== INPUT MATERIAL

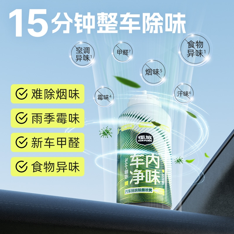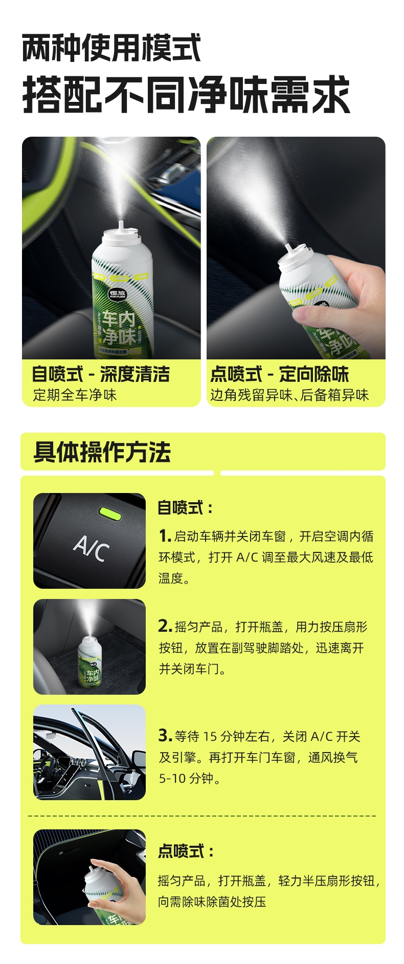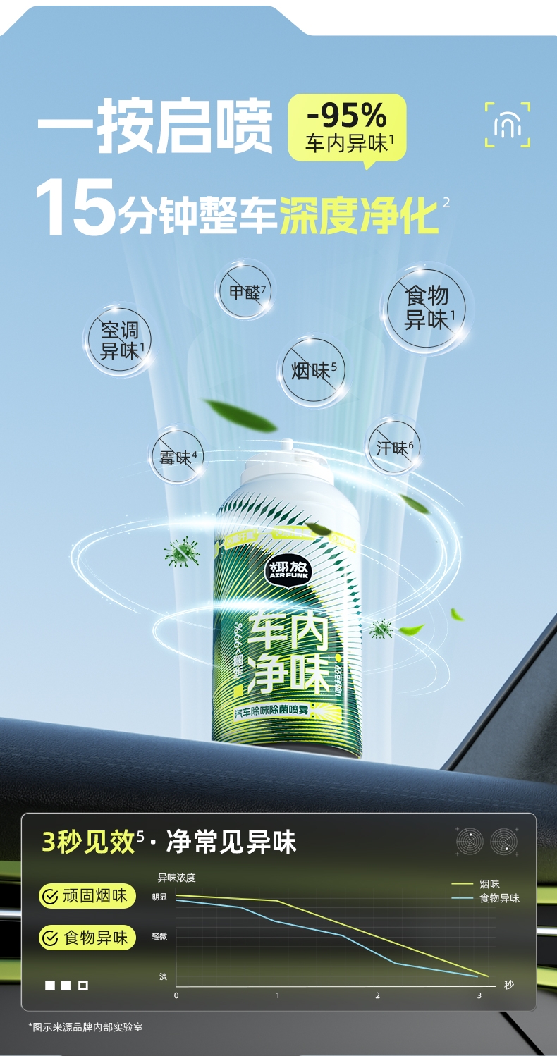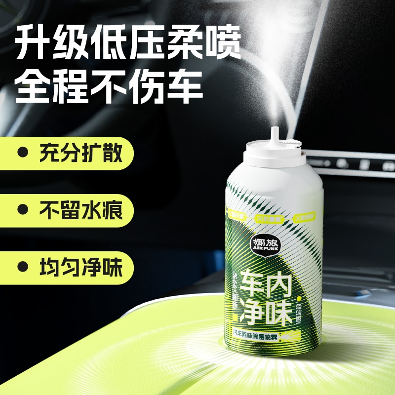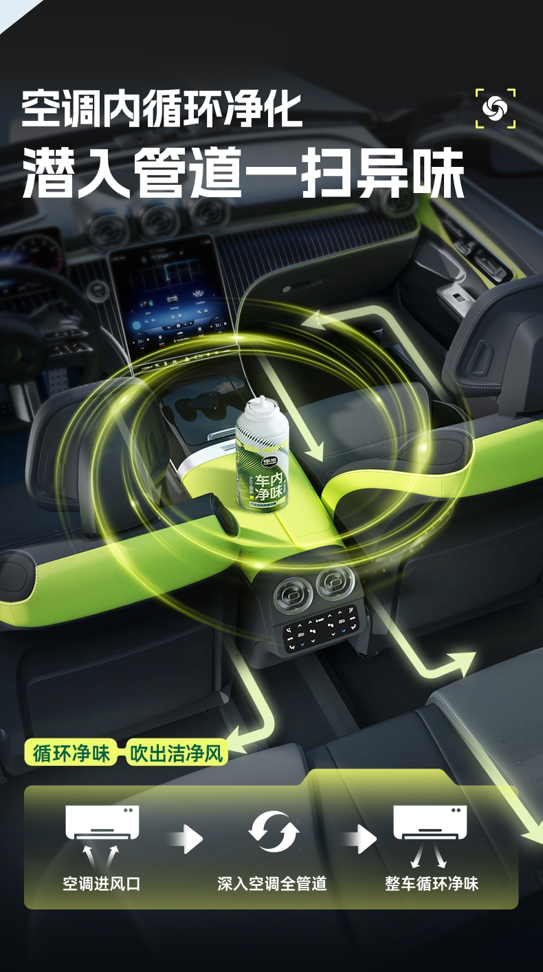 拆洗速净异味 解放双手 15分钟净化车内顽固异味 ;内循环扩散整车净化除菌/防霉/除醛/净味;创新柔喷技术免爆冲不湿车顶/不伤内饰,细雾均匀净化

====
== INPUT MATERIAL

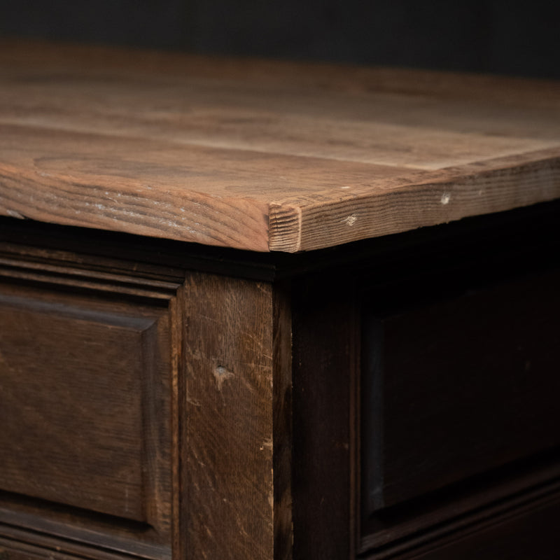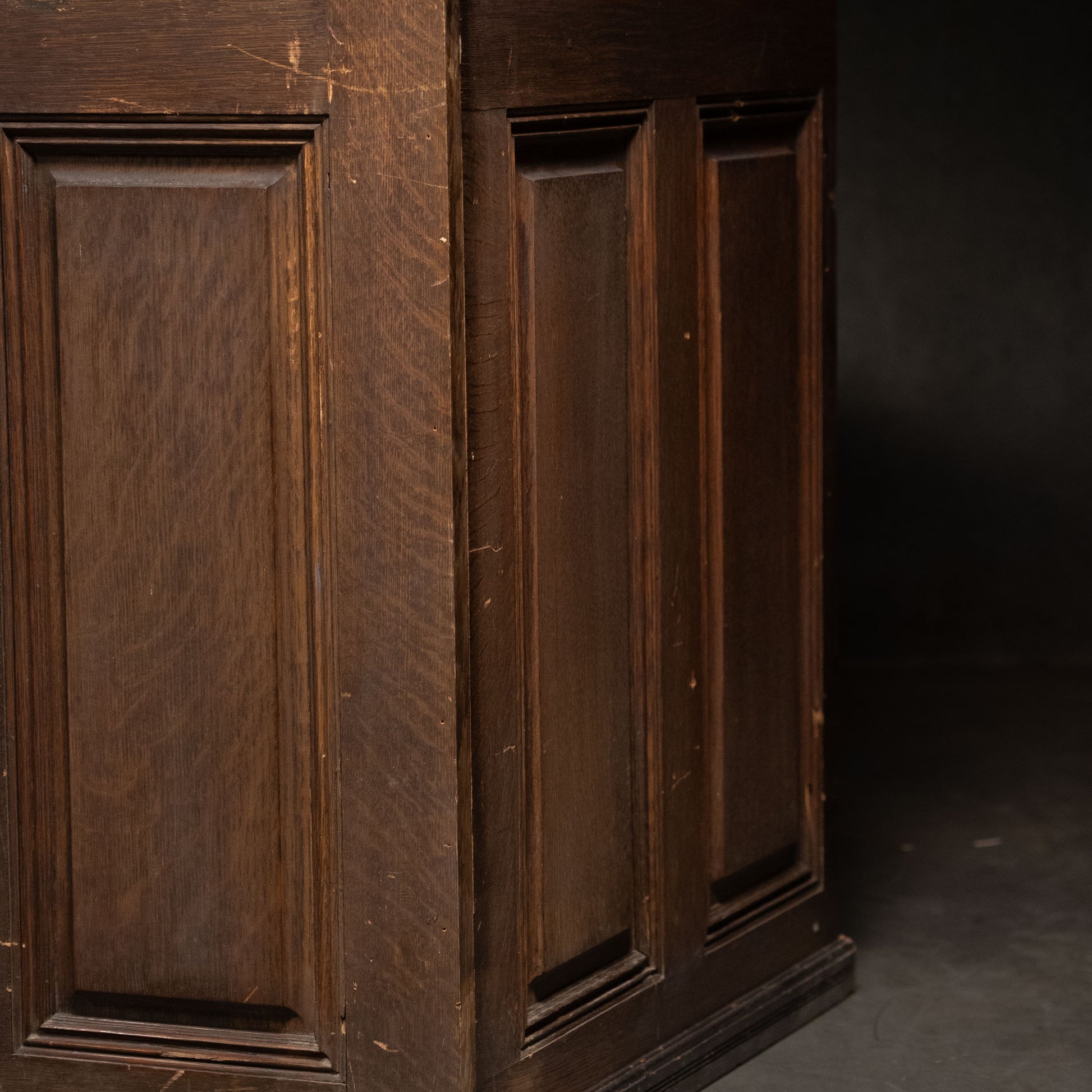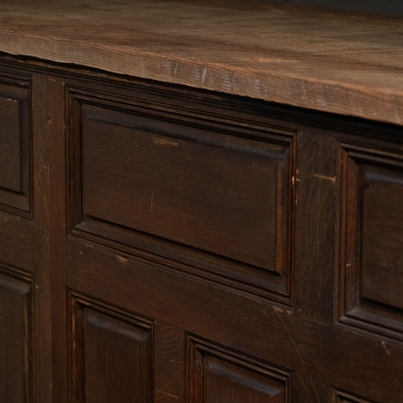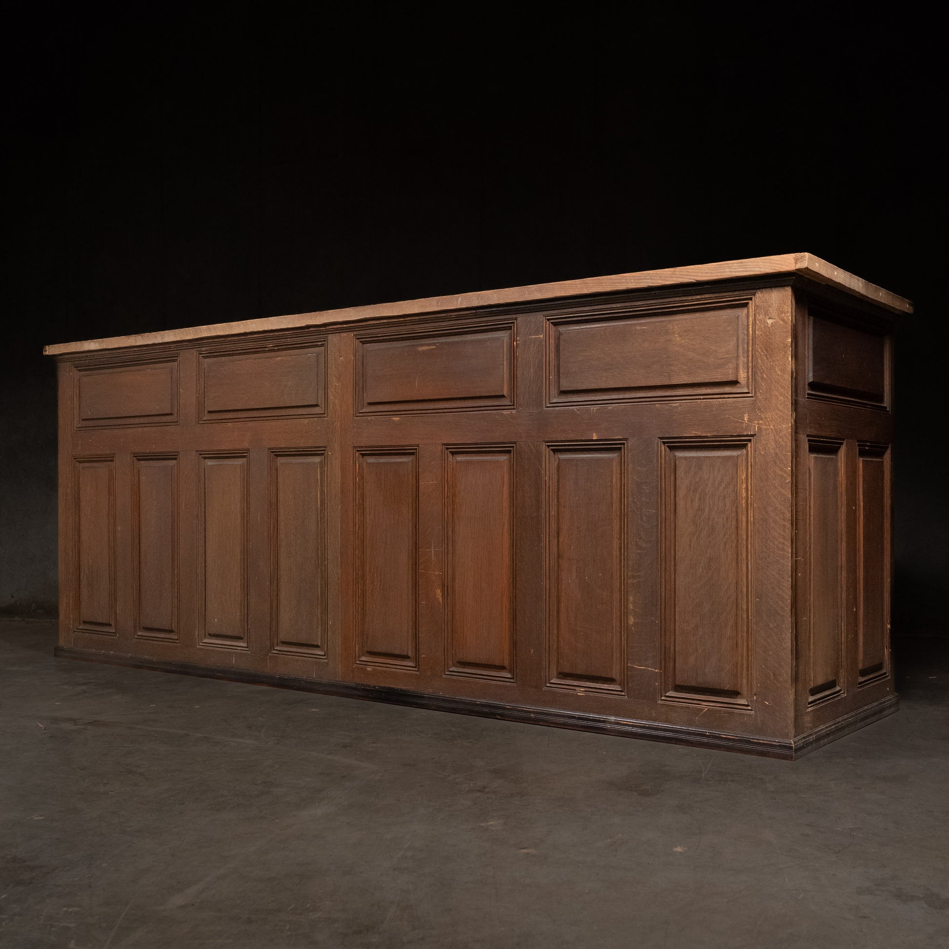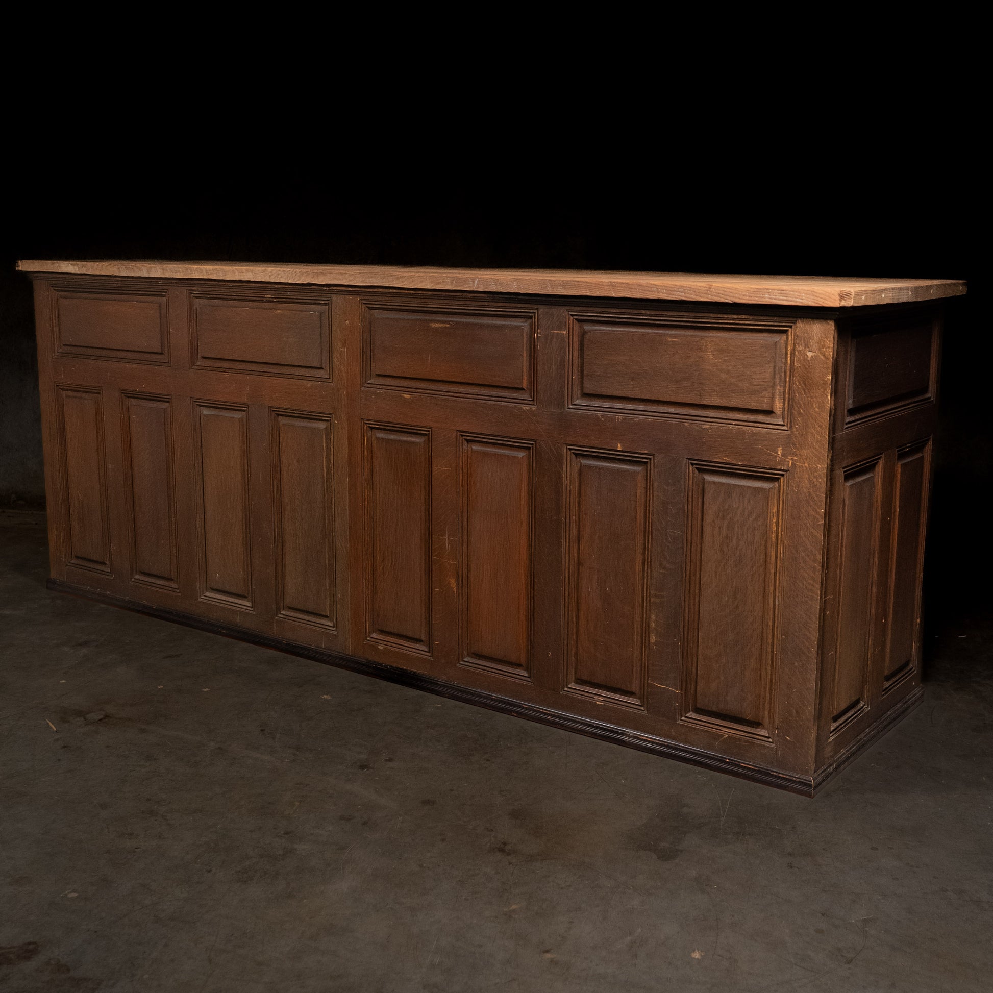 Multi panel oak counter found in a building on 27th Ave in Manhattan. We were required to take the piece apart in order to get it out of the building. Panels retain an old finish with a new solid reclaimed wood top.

====
== INPUT MATERIAL

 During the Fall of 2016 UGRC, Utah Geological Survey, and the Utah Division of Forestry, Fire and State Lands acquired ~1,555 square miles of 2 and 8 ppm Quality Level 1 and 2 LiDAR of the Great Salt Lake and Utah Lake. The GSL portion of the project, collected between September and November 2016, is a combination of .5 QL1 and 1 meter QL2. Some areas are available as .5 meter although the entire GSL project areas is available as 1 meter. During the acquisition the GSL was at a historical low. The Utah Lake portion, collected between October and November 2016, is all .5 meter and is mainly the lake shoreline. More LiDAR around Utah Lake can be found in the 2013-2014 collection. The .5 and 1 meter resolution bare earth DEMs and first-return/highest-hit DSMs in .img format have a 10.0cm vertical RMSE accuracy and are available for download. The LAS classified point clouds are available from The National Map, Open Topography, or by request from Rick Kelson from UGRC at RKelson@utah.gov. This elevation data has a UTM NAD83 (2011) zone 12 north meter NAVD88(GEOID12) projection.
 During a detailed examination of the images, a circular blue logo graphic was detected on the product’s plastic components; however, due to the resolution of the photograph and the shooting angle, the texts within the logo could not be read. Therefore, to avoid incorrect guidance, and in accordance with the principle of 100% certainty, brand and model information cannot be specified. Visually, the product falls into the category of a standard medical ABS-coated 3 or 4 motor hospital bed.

====

■ **ABOUT THIS TASK**
Please copy each line of the records above in which the word "resolution" can be found.

■ **ANSWER TO THIS EXERCISE**
 During the Fall of 2016 UGRC, Utah Geological Survey, and the Utah Division of Forestry, Fire and State Lands acquired ~1,555 square miles of 2 and 8 ppm Quality Level 1 and 2 LiDAR of the Great Salt Lake and Utah Lake. The GSL portion of the project, collected between September and November 2016, is a combination of .5 QL1 and 1 meter QL2. Some areas are available as .5 meter although the entire GSL project areas is available as 1 meter. During the acquisition the GSL was at a historical low. The Utah Lake portion, collected between October and November 2016, is all .5 meter and is mainly the lake shoreline. More LiDAR around Utah Lake can be found in the 2013-2014 collection. The .5 and 1 meter resolution bare earth DEMs and first-return/highest-hit DSMs in .img format have a 10.0cm vertical RMSE accuracy and are available for download. The LAS classified point clouds are available from The National Map, Open Topography, or by request from Rick Kelson from UGRC at RKelson@utah.gov. This elevation data has a UTM NAD83 (2011) zone 12 north meter NAVD88(GEOID12) projection.
 During a detailed examination of the images, a circular blue logo graphic was detected on the product’s plastic components; however, due to the resolution of the photograph and the shooting angle, the texts within the logo could not be read. Therefore, to avoid incorrect guidance, and in accordance with the principle of 100% certainty, brand and model information cannot be specified. Visually, the product falls into the category of a standard medical ABS-coated 3 or 4 motor hospital bed.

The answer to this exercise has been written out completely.